The sequence "\\x" is the same string in Python as well as in JSON.


Note: Enclose parts of code in your text between single backticks otherwise the code could get mangled like your r'^[^.]+' in your last post. Also after that it is much easier to recognize what is a code.

Okay sure, but that construct is a jsonnet string and not python or exactly json so if i use this: r’[1]+’ it errors out


  1. ^. ↩︎

It’s confusing if you call it JSON when it’s “jsonnet”. Try the other solution, namely, escaping the backslashes, so that a backslash is represented by a pair of them: "\\".

I tried this: \\^[^.]+ and it keeps the name of the file as is without renaming it
for example if I use file_name as aries.zip and do the rename using this regex ‘\[1]+’ I get back the same string and not the replacement string, the replacement string let’s say is cancer.zip.


  1. ^. ↩︎

Why are you using that regex? I think the one you want is the [^\\]+$ from my previous post, which, as a (Python) raw string is r'[^\\]+$' and as a JSON or jsonnet string with escaped backslashes is "[^\\\\]+$"

You guys rock! thank you so much "[^\\\\]+$" worked! :slight_smile:

Is there a direct way of converting this windows regex expression to mac? This works on windows but not on mac

Regexes are OS agnostic. There is no such thing as Windows/Linux/FreeBSD/MacOS regex.

Probably you meant a difference in the file paths? In Windows you normally use backslash \ as a path separator, in Unix-like systems (Linux/FreeBSD/MacOS…) you use a slash /. The regex for those systems as a Python/JSON/Jsonnet string would be: "[^/]+$"

1 Like

Some people, when confronted with a problem, think “I know, I’ll use regular expressions.” Now they have two problems. – Jamie Zawinski

Think about how many failed attempts you had trying to get the regex right, and even when you got it, it is unreadable line noise.

Here is the right way to rename a file, keeping the path and the file extension unchanged. It is readable and self-explanatory:

import os
filename = 'fee/fi/fo/fum/abc.xyz'
path, name = os.path.split(filename)
name, ext = os.path.splitext(name)
new_filename = os.path.join(path, "bcd" + ext)

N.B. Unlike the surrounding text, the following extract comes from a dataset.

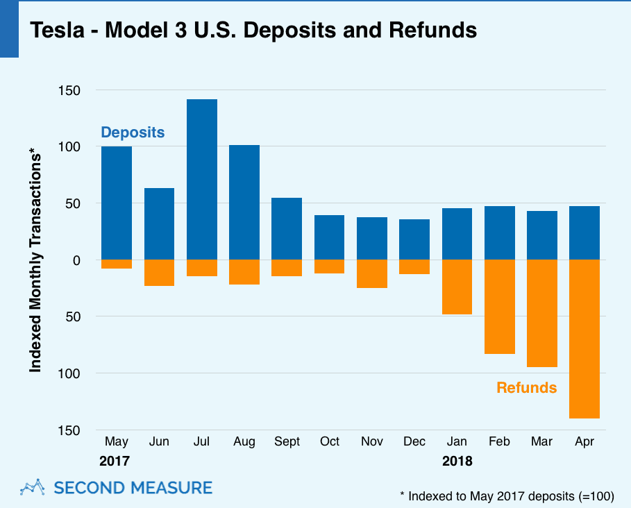 Nun lässt sich dieses „immer mehr Leute“ auch in Zahlen fassen. Laut einer Analyse des Daten-Unternehmens Second Measure (SM) haben mit April 2018 ganze 23 Prozent aller Vorbesteller ihre Reservierung wieder aufgehoben und ihr Geld zurückbekommen. Interessant dabei: Obgleich schon seit dem Bestellstart im April 2016 einzelne Refundierungen zu verzeichnen waren und es immer wieder welche gab, so stieg die Zahl der Leute, die ihr Geld zurück wollten, seit Jänner 2018 deutlich stärker an als zuvor und überstieg im selben Zeitraum auch erstmals die Anzahl der Neureservierungen:

And it works regardless of whether you use forward-slashes (Linux, Mac, Unix and Windows) or backslashes (only Windows).

It is a little bit longer to type, but you can see it is correct at a glance. Unlike this regex:

new_filename = re.sub("[^\\\\]+$", 'bcd', filename)

which can only work with backslashes, that is, if it works at all. Who the hell can tell just by reading it??? Not me, that’s for sure.

If you need to do it a lot of times, put it into a function, and call the function.

Alternatively, you can use pathlib:

import pathlib
filename = pathlib.Path('fee/fi/fo/fum/abc.xyz')
new_filename = filename.with_name('bcd').with_suffix(filename.suffix)
2 Likes

Windows will accept slashes in most places. Do you ever get backslashes in filenames on Linux or Mac? I think it’s unlikely, so you could add a slash to the regex:

new_filename = re.sub("[^/\\\\]+$", 'bcd', filename)
1 Like

Regexes are OS agnostic, but they aren’t language agnostic. Different programming languages have different regex features and syntax.

Windows pathnames can use forward slashes interchangeably with backslashes. If you need to specify a pathname in Python, there is very little good reason to fight with backslashes and raw strings when you can just use forward slashes in a file-system independent way.

I think the only exception is if you are calling out to an external Window application running in the Windows shell, there are some places where you can’t use forward slashes because the shell thinks they specify command line options.